А мне парнишка по-настоящему уже начинал нравиться. В общем, Марта сварганила этих цыплят на заднем дворе, все приготовила... 19 разных блюд из курицы, у нас эти цыплята только из задницы не лезли. Парню оставалось только все остальное приготовить, типа бургеров там, стейков, ну и всего остального. С цыплятами мы развязались. И ей-богу, здоровские выходные у нас получились. Вечер в пятницу, суббота, воскресенье. Парнишка работал хорошо, приятный, к тому же.

Обходительный такой. Шуточки смешные отпускал. Звал меня Полковником Сандерсом, а я его звал сынком. Полковник Сандерс и Сын – во как. Когда в субботу вечером закрылись, уработались мы, как черти, но были довольны. Цыплят всех размели, к чертовой матери, до кусочка. Яблоку упасть негде было, люди ждали своей очереди за столик сесть, никогда раньше такого не видел. Я дверь запер, достал квинту хорошего виски, сели мы, усталые, но счастливые, пропустили по маленькой.

Парнишка вымыл все тарелки, пол подмел. Говорит: "Ладно, Полковник Сандерс, завтра во сколько приходить?" Улыбается. Я говорю: в полседьмого утра, он свою кепку забирает и уходит. "Чертовски приятный мальчуган, Марта," говорю я, подхожу к кассе выручку подсчитать. А касса – ПУСТАЯ! Правильно, я так и сказал: "Касса – ПУСТАЯ!" И ящик сигарный, с выручкой за два предыдущих дня – его он тоже нашел. Такой аккуратненький мальчик... Не понимаю... Я ж сказал ему:

хоть всю жизнь работай, так ему и сказал. 20 цыплят... Уж Марта знает, как их готовить... А мальчонка этот, срань куриная, сбежал со всеми этими деньгами проклятущими, мальчонка этот...

Потом он заорал. Я слышал, как орет огромное число людей, но ни разу не слышал, чтобы орали так. Он поднимался, натягивая ремни, и орал. Ремни чуть не лопались.

Вся кровать дребезжала, рев его рикошетом от стен обрушивался на нас. Мужик был в тотальной агонии. Причем, орал не по чуть-чуть. Рев был долгим, он все длился и длился. Потом прекратился. Мы – 8 или десять американцев мужского пола – вытянулись на своих кроватях, наслаждаясь тишиной.

Потом он заговорил снова:

– Такой славный мальчуган был, мне он понравился. Говорю ему: работай у нас хоть всю жизнь. Он еще шуточки отпускал, приятный такой, обходительный. Я пошел и купил 20 этих цыплят. 20 цыплят. За хорошие выходные можно 200 огрести. А у нас 20 цыплят было. Парнишка меня Полковником Сандерсом звал...

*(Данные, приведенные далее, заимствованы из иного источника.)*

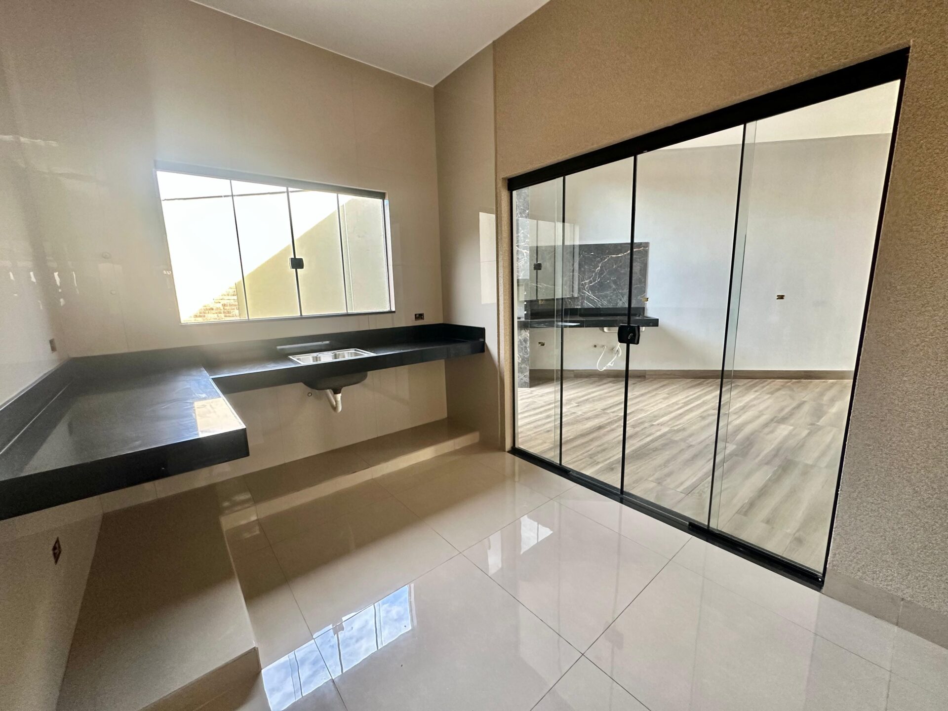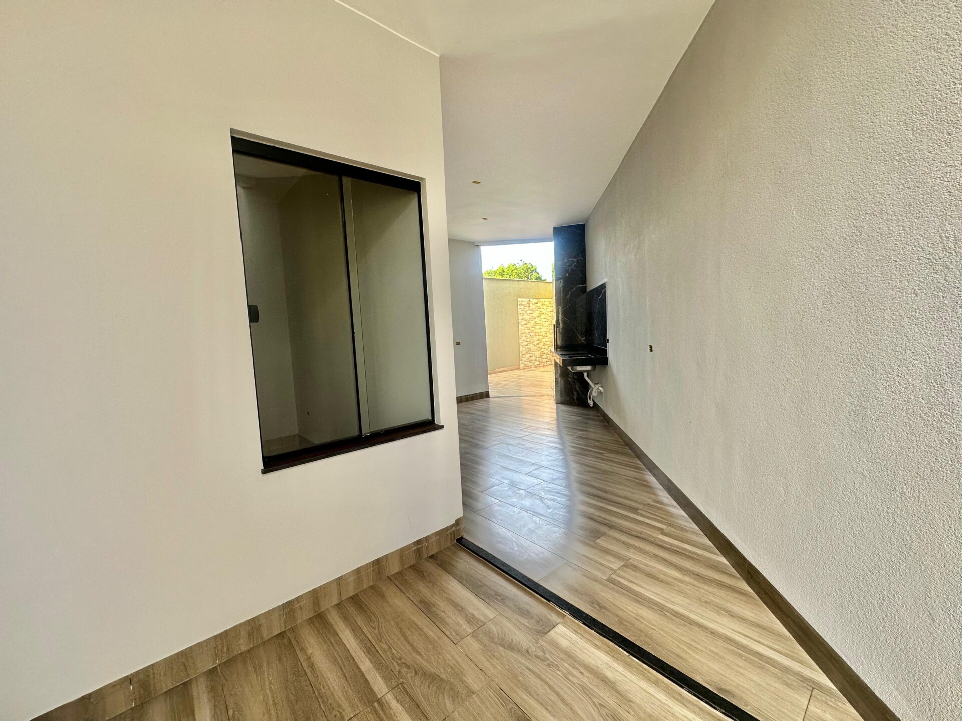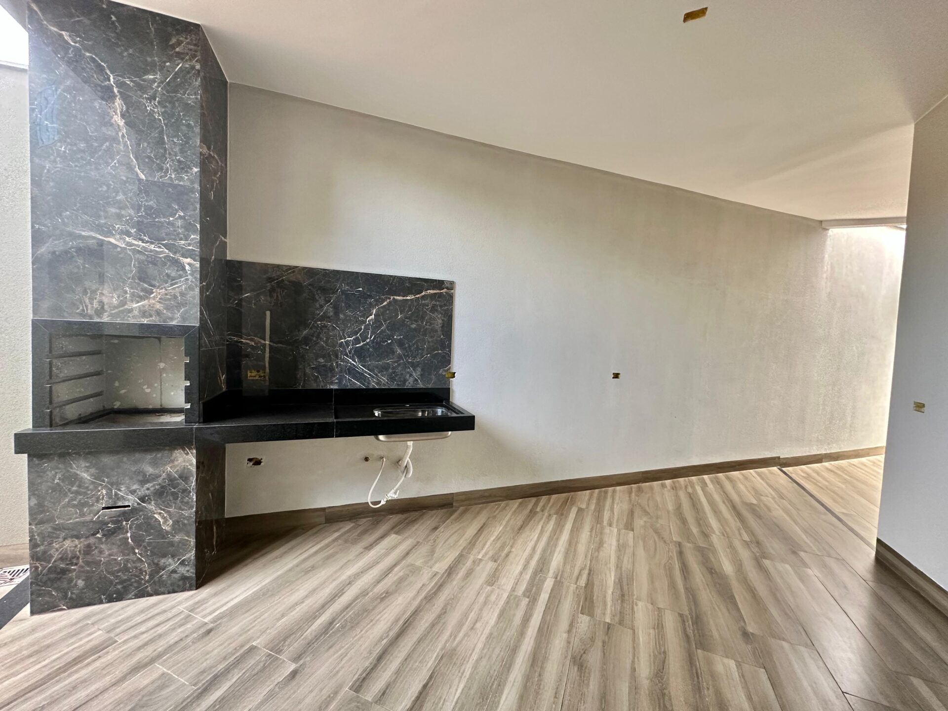 3 quartos, sendo 1 suíte, banheiro social, sala, cozinha, varanda gourmet com churrasqueira, área de serviço e garagem, piso porcelanato e forro de laje.
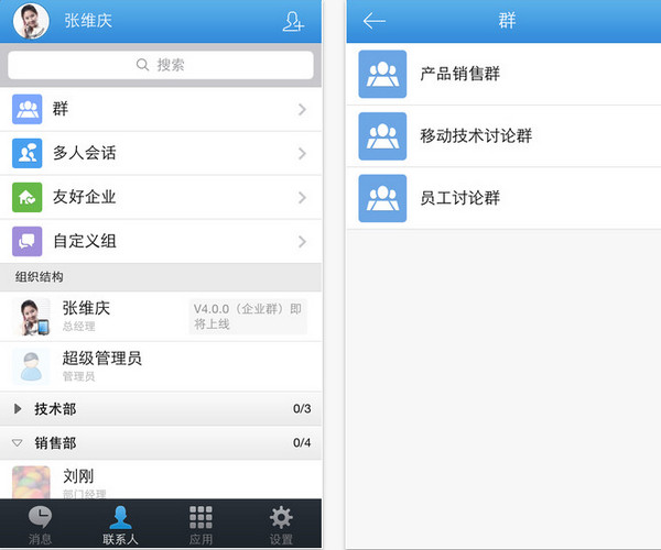 1)支持显示本企业组织结构、友好企业和自定义组;2)支持友好企业查找及添加功能;
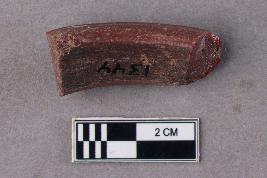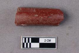 | Description / विवरण | An opaque, smooth, glass bangle fragment with a reddish core and a maroon exterior. |
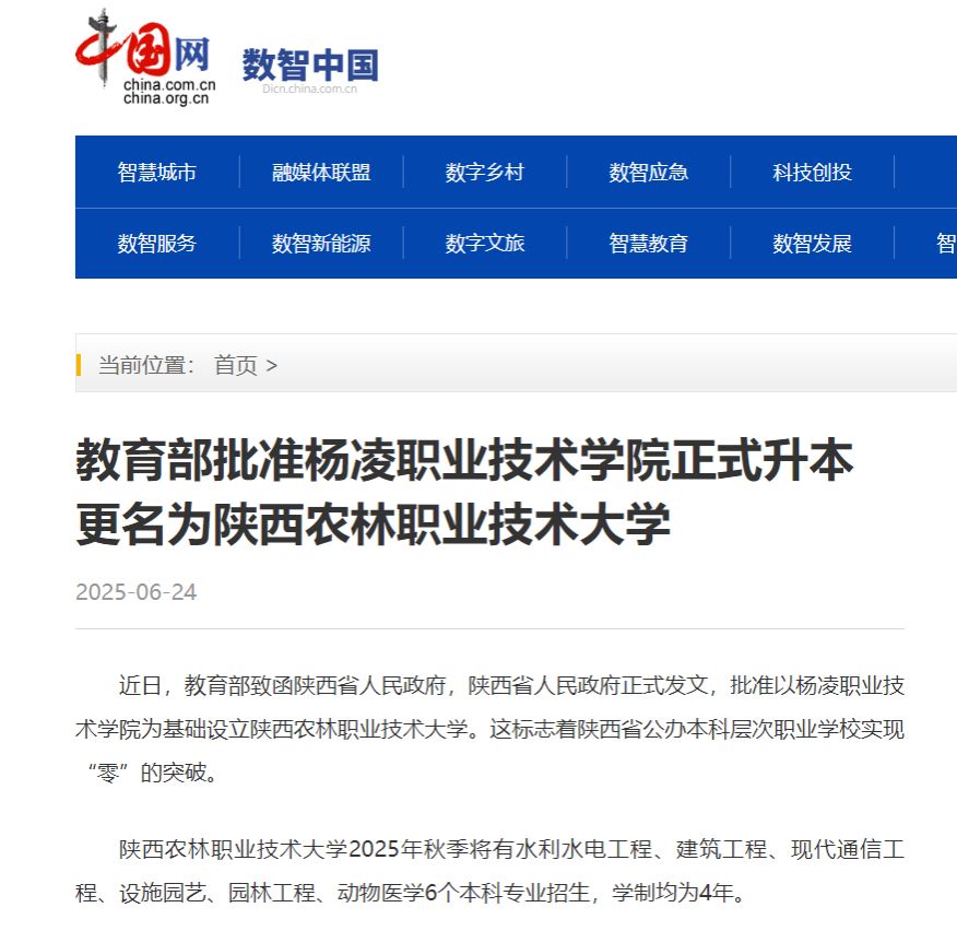近日,教育部致函陕西省人民政府,陕西省人民政府正式发文,批准以304am永利为基础设立陕西农林职业技术大学。这标志着陕西省公办本科层次职业学校实现“零”的突破。

Я перегнулся за край кровати и срыгнул глоток крови...

На следующий день объявилась медсестра, выцепила меня и помогла перебраться на каталку. Я по-прежнему блевал кровью и был довольно слаб. Она вкатила меня в лифт.

Техник встал за свою машину. В живот мне ткнули каким-то острием и сказали стоять. Я чувствовал сильную слабость.

– Я слишком слабый, я не могу встать, – ответил я.

– Стойте и всё, – сказал техник.

– Мне кажется, я не могу, – сказал я.

– Стойте спокойно.

Я ощутил, как начинаю медленно заваливаться назад.

– Я падаю, – сказал я.

– Не падайте, – сказал он.

– Стойте тихо, – сказала сестра.

Я завалился назад. Как резиновый. Когда я ударился об пол, то ничего не почувствовал. Я ощущал только легкость. Возможно, я и был нетяжелым.

– Ох, черт побери! – сказал техник.

Сестра помогла мне подняться и прислонила к машине, острие по-прежнему упиралось мне в живот.

– Я не могу стоять, – сказал я. – Я, наверное, умираю. Я не могу встать. Мне очень жаль, но встать я не могу.

– Стойте тихо, – сказал техник, – просто стойте и всё.

– Стойте спокойно, – сказала сестра.

Я почувствовал, как падаю. И завалился назад.

– Простите, – сказал я.

– Черт бы вас побрал! – завопил техник. – Я из-за вас две пленки запорол! А эти проклятые пленки денег стоят!

– Простите, – сказал я.

– Заберите его отсюда, – сказал техник.

Сестра помогла мне подняться и снова уложила на каталку. Мыча что-то себе под нос, она вкатила меня в лифт, по-прежнему мыча.

Из этого подвала меня действительно забрали и положили в большую палату, очень большую. В ней умирало человек, наверное, 40. Провода к кнопкам были обрезаны, и громадные деревянные двери, толстые деревянные двери, покрытые с обеих сторон листами жести, отделяли нас от медсестер и врачей. На моей кровати закрепили бортики и попросили меня пользоваться подкладным судном, но подкладное судно мне не нравилось, особенно мне не нравилось блевать в него кровью, а еще меньше – срать туда. Если кто-нибудь когда-нибудь изобретет удобное и практичное подкладное судно, врачи и медсестры будут ненавидеть его до скончания веков и еще дольше.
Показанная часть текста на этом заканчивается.